START SUPPLIED MATERIAL

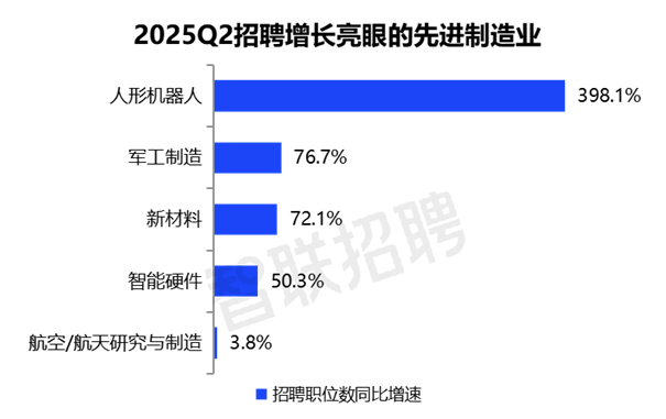 数据显示,今年二季度人形机器人领域招聘职位数同比增长398.1%,增速遥遥领先。这反映出人工智能与机器人技术深度融合的趋势,随着智能化转型加速,相关研发、制造、应用端人才需求呈现井喷式增长,成为产业创新的核心驱动力。
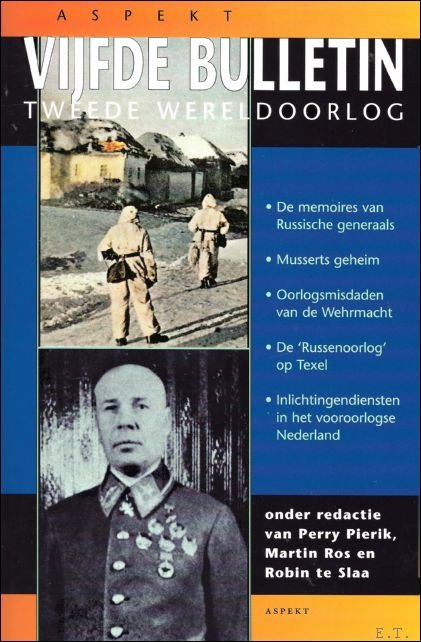 Paperback, 229 pagina's, Nederlands, 235 x 155 mm, boek in prima staat, met illustraties en foto's in z/w,. ISBN 9789059111769. Het vijfde deel van het Bulletin Tweede Wereldoorlog bevat wederom tal van verschillende bijdragen. Jan Meyers beschrijft de bizarre inhoud van de brief die de gedetineerde Mussert in november 1945 aan ministerpresident Schermerhorn schreef. De historicus Jan Nijdam belicht de wonderlijke levensloop van Jan Baars. Deze vooroorlogse fascistenleider verrichte tijdens de bezetting moedig verzetswerk en verzeilde na de oorlog in de schimmige wereld van inlichtingendiensten. Ab Caransa schetst op aangrijpende wijze de laatste maanden van zijn gevangenschap in een subkamp van Auschwitz (Gleiwitz IV) en daaropvolgende dodenmars in januari 1945. Onder de titel 'Opa war kein M rder' staat de historicus C.E.H.J. Verhoef stil bij de traumatische omgang in Duitsland en Oostenrijk met de misdaden van de Wehrmacht in de Tweede Wereldoorlog. Jet van Swieten doet verslag van de 'Russenoorlog' op Texel waar de in Duitse dienst getreden Georgi rs een maand voor de capitulatie in opstand kwamen. In zijn artikel 'Onder de banieren van het Rode Leger' besteedt Perry Pierik uitvoerig aandacht aan de memoires van Russische militairen uit de Tweede Wereldoorlog. J.G. Kikkert beschrijft ten slotte op boeiende wijze de werkzaamheden van verschillende inlichtingendiensten in het vooroorlogse Nederland. Het Bulletin bevat nog diverse andere bijdragen waaronder het vaste overzichtsartikel 'De Lange Schaduw van een oorlog'. In de vier voorgaande delen van het Bulletin Tweede Wereldoorlog werd onder meer aandacht besteed aan: Albert Speer en de holocaust, Colijn en zijn fascistische bewonderaars, de Sinterklaasrazzia in Haarlem, de Mussert- Garde, Friedrich Weinreb, film in het Derde Rijk, generaal Vlassov en zijn leger, de slag om de Ginkelse heide, de diplomatie van de Nieuwe Orde, de Moslim-divisie Handschar, het Delftse studentenverzet, het protectoraat Bohemen en Moravi , Marinus van der Lubbe, het Bezemfascisme, Nederland en de dreiging van chemische oorlogsvoering, operatie 'Wintersgewitter', volkskunde in het Derde Rijk en Bernards geheime bezoek aan Argentini .
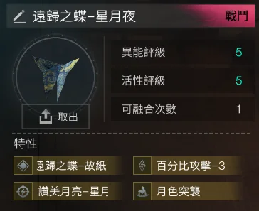 5-5遠歸之蝶-星月夜4金(星月夜+電表倒轉2+月色突襲+百分比攻擊-3)= 531t
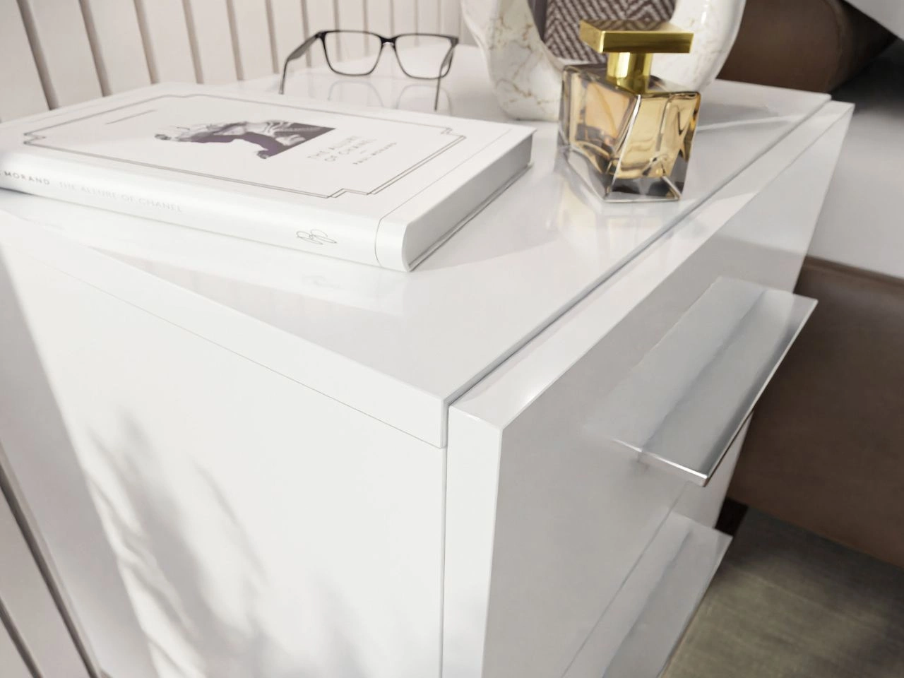 Szafkę nocną wykonano z wytrzymałej płyty laminowanej, a jej fronty powstały w wysokim połysku, co podkreśla elegancki charakter mebla i zwiększa jej odporność na użytkowanie. Czoła szuflad zabezpieczono obrzeżem ABS, które nadaje im estetyczne wykończenie oraz dodatkowo chroni krawędzie przed uszkodzeniami. Szuflady osadzono na solidnych prowadnicach kulkowych, gwarantujących płynne i komfortowe otwieranie. Zastosowane uchwyty umożliwiają wygodne otwieranie frontów, podkreślając nowoczesny charakter mebla i wpisując się w aktualne trendy wzornictwa. Podwieszana konstrukcja stolika nocnego dodaje mu lekkości i elegancji, a jednocześnie ułatwia utrzymanie porządku w przestrzeni pod nim.
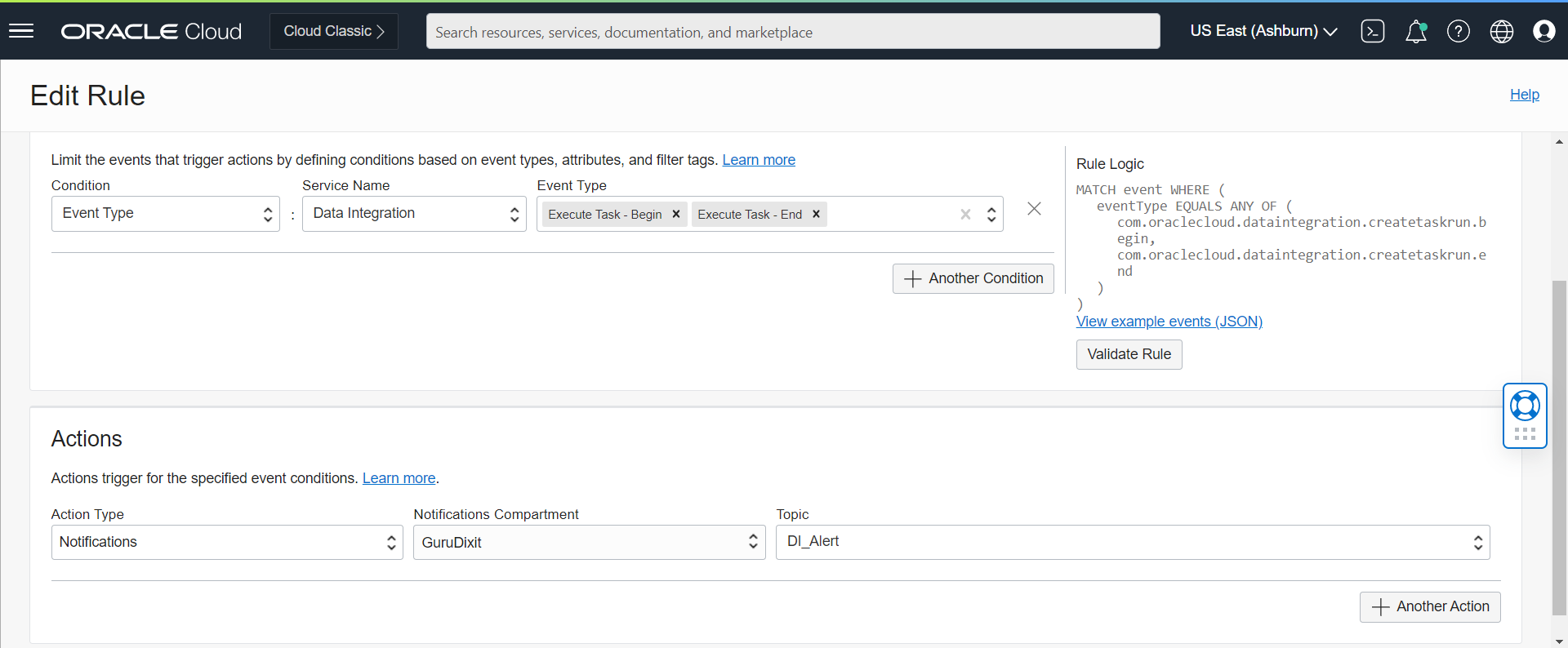 Let’s define an event that triggers an email notification when job status changes in OCI Data Integration
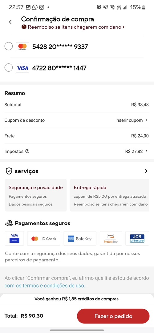 - Quando o produto da promoção aparecer no aplicativo do Aliexpress, prossiga até o final, na tela de "Confirmação do pedido".
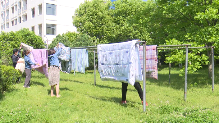 此前,学校各位班主任,向同学们发出需求征集信息,学生通过班级群反馈需求,由辅导员逐一记录。据统计,最多的一天,学校老师共帮学生晒了近800条被褥。学校表示,接下来会继续组织老师在天气晴好的情况下分批次将学生被褥全部拿出来晾晒。

END SUPPLIED MATERIAL

(WORK REQUEST):
From the records above, quote word for word only the lines beginning at the line that has "Let’s define an" and stopping after the line that has "- Quando o produto". Omit the pictures.

(WORKED SOLUTION):
 Let’s define an event that triggers an email notification when job status changes in OCI Data Integration
 - Quando o produto da promoção aparecer no aplicativo do Aliexpress, prossiga até o final, na tela de "Confirmação do pedido".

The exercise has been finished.